-- Requirement --
Of the entries below, return only those lines from the line with "This paper constructs" to the line with "Man (1949) | |", exactly, both included.

-- Source material --
- Opening Delimiter -
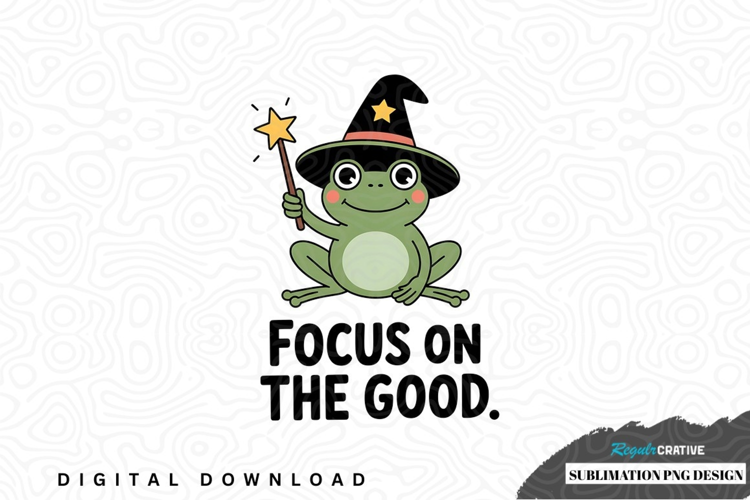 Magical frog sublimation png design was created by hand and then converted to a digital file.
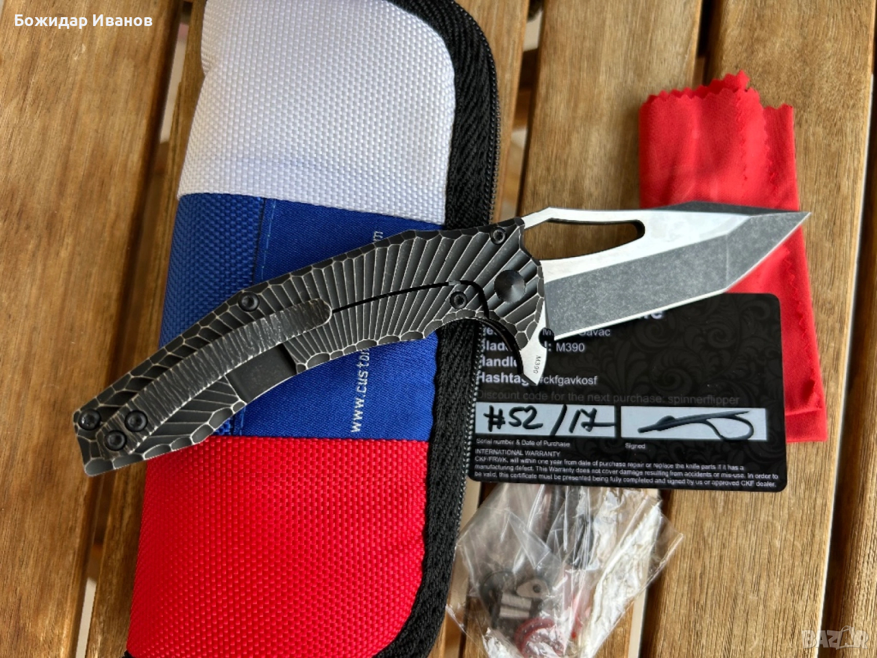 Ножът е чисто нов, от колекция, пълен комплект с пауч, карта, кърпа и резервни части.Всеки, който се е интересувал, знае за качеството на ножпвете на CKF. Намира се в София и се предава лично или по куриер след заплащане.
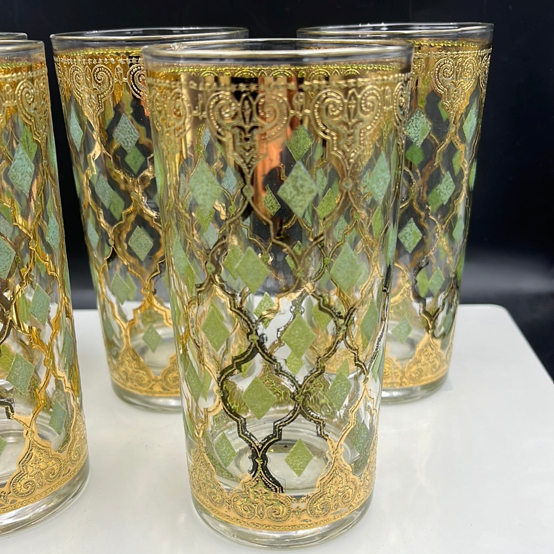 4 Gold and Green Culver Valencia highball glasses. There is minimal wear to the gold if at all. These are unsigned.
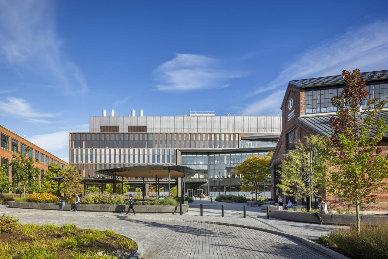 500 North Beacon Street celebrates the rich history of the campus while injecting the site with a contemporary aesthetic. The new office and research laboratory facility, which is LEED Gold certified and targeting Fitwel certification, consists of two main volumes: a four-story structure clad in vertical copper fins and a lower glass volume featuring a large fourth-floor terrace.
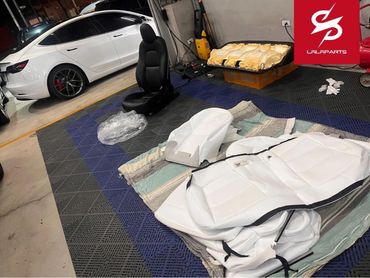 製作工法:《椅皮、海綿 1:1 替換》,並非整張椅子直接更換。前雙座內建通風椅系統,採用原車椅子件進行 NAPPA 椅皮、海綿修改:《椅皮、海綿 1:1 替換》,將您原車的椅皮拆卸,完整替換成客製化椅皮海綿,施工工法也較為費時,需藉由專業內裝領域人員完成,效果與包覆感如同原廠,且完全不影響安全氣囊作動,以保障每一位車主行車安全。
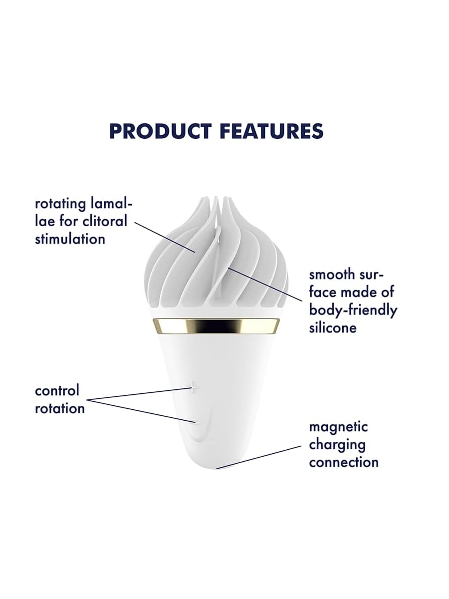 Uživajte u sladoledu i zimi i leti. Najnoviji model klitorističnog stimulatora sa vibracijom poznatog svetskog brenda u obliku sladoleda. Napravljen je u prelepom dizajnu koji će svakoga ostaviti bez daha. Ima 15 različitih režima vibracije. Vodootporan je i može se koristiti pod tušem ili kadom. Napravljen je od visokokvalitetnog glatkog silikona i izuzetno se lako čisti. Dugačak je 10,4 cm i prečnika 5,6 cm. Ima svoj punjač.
- Closing Delimiter -
- Opening Delimiter -
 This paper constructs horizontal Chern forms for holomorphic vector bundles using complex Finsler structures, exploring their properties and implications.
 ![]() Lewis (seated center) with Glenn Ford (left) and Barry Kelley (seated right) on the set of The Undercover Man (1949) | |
- Closing Delimiter -
- Opening Delimiter -
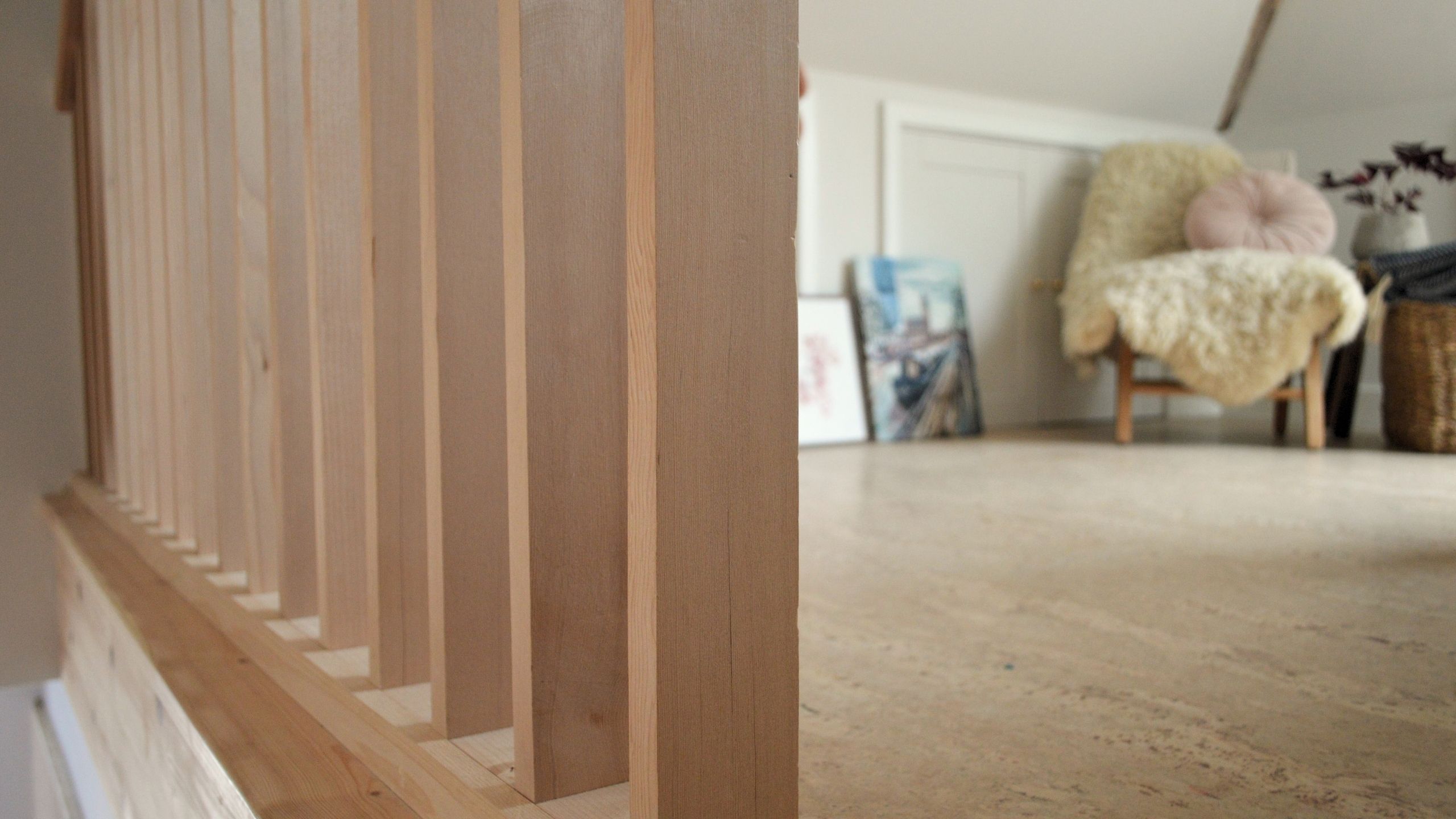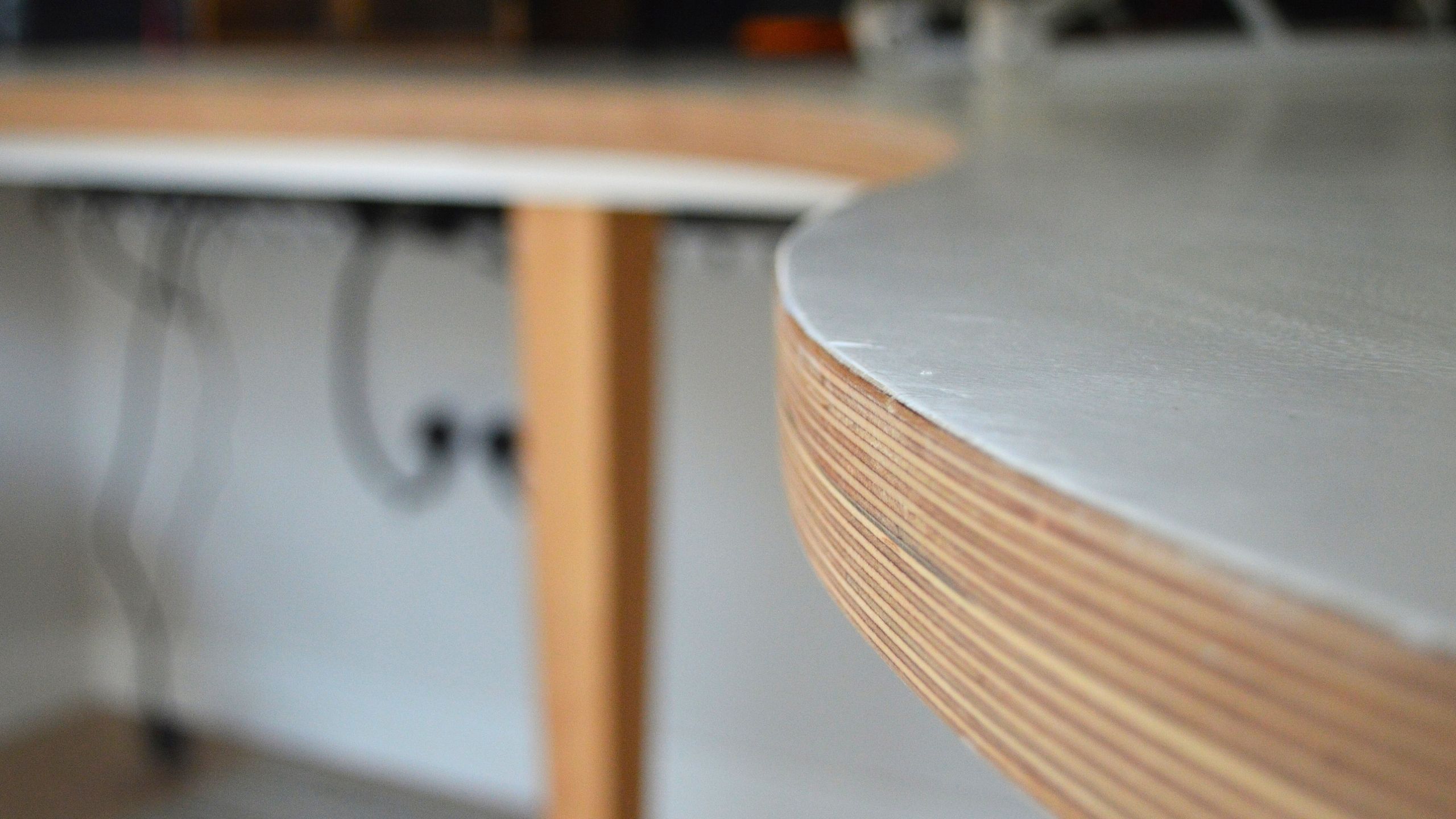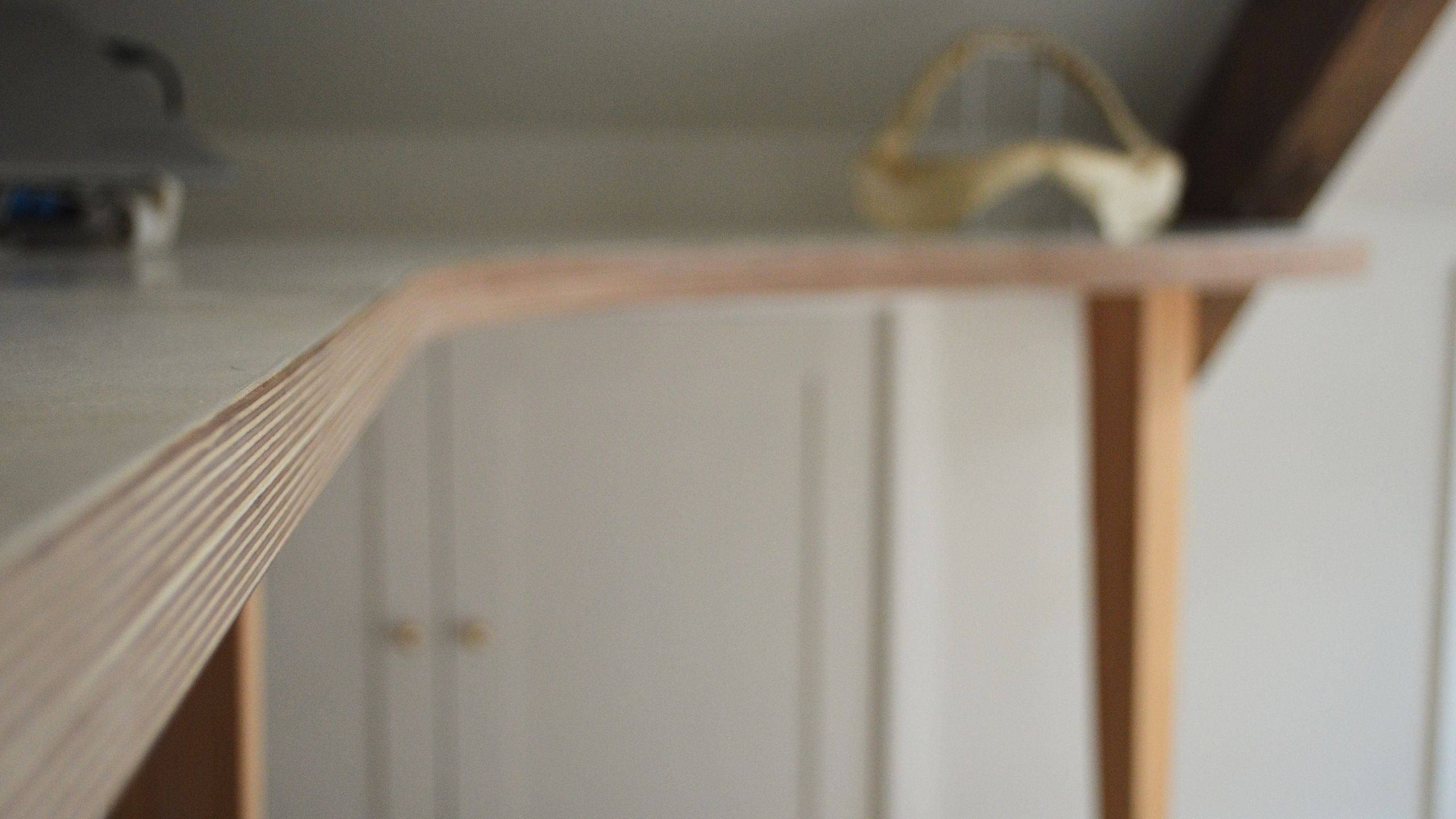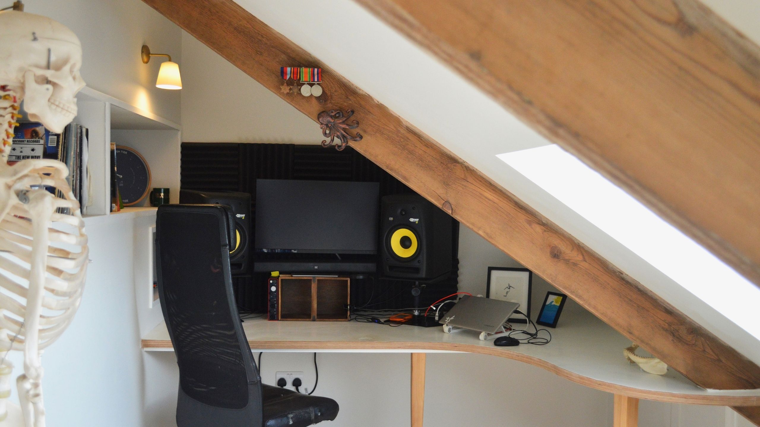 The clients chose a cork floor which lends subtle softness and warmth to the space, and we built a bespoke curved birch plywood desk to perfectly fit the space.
- Closing Delimiter -
-- Your response --
 This paper constructs horizontal Chern forms for holomorphic vector bundles using complex Finsler structures, exploring their properties and implications.
 ![]() Lewis (seated center) with Glenn Ford (left) and Barry Kelley (seated right) on the set of The Undercover Man (1949) | |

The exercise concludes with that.